Certain studies require sensitive data sets: the relationship between nutritious school lunch and student health, the effectiveness of salary equity initiatives, and so on. Valuable insights require navigating a minefield of private, personal information. Now, after years of work, cryptographers and data scientists at Google have come up with a technique to enable this "multiparty computation" without exposing information to anyone who didn't already have it.

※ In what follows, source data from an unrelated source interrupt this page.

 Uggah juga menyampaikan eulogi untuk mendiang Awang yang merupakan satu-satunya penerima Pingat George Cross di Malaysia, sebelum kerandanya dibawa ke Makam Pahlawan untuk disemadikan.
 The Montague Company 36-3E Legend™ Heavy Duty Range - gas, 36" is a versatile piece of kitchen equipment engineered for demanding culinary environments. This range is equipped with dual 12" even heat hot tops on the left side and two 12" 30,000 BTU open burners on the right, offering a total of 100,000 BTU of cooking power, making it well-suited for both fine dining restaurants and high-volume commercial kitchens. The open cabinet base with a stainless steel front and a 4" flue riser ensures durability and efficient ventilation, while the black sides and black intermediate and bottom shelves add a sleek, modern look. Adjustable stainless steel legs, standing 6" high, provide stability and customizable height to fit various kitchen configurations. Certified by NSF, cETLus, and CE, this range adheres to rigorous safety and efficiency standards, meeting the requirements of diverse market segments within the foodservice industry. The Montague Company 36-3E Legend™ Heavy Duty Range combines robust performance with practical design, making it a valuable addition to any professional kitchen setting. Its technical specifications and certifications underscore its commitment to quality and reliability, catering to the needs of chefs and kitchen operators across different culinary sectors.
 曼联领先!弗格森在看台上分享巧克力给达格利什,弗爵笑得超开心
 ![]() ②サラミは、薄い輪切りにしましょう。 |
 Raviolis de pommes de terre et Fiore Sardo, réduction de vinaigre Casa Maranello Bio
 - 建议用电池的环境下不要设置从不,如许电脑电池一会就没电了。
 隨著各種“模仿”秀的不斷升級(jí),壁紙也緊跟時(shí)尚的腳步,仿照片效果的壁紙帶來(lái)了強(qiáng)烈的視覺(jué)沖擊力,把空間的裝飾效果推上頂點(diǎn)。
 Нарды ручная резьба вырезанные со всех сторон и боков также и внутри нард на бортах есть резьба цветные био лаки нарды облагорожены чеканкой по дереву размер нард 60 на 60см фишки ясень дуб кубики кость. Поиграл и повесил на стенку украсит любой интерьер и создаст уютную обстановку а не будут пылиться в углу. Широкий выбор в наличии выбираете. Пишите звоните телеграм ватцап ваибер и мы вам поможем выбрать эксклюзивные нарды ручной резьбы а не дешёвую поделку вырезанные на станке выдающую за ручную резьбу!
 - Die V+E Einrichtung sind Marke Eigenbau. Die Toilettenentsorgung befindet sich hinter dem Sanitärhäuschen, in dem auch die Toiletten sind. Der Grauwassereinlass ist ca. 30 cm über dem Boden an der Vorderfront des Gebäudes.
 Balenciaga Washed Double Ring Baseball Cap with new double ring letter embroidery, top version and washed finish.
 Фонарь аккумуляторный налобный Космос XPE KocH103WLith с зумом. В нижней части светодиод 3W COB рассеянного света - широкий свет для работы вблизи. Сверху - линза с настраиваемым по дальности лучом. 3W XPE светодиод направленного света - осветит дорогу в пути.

Today Google will release an open source cryptographic tool known as Private Join and Compute. It facilitates the process of joining numeric columns from different data sets to calculate a sum, count, or average on data that is encrypted and unreadable during its entire mathematical journey. Only the results of the computation can be decrypted and viewed by all parties—meaning that you only get the results, not the data you didn't already own. The cryptographic principles underlying the tool date back to the 1970s and '90s, but Google has repurposed and updated them to work with today's more powerful and flexible processors.
"The net result is that we can perform this computation without exposing any individual data and only getting the aggregate result," says Amanda Walker, director of privacy tools and infrastructure engineering at Google. "The naïve way to do this would be to take two sensitive data sets, dump them into a single database, and do the join and the sum, but then you’ve got everything together and at risk of a data breach."
Lily Hay Newman covers information security, digital privacy, and hacking for WIRED.
Take the school lunch example. The school has information on all of its students and what food it has served when. But it would need data from health care providers over time to track whether menu changes are potentially having a positive impact on students' health. Private Join and Compute would allow these parties, which all hold very sensitive data, to essentially compare notes without divulging sensitive information to each other.
Private Join and Compute uses a 1970s methodology known as "commutative encryption" to allow data in the data sets to be encrypted with multiple keys, without it mattering which order the keys are used in. This is helpful for multiparty computation, where you need to apply and later peel away multiple layers of encryption without affecting the computations performed on the encrypted data. Crucially, Private Join and Compute also uses methods first developed in the ’90s that enable a system to combine two encrypted data sets, determine what they have in common, and then perform mathematical computations directly on this encrypted, unreadable data through a technique called homomorphic encryption.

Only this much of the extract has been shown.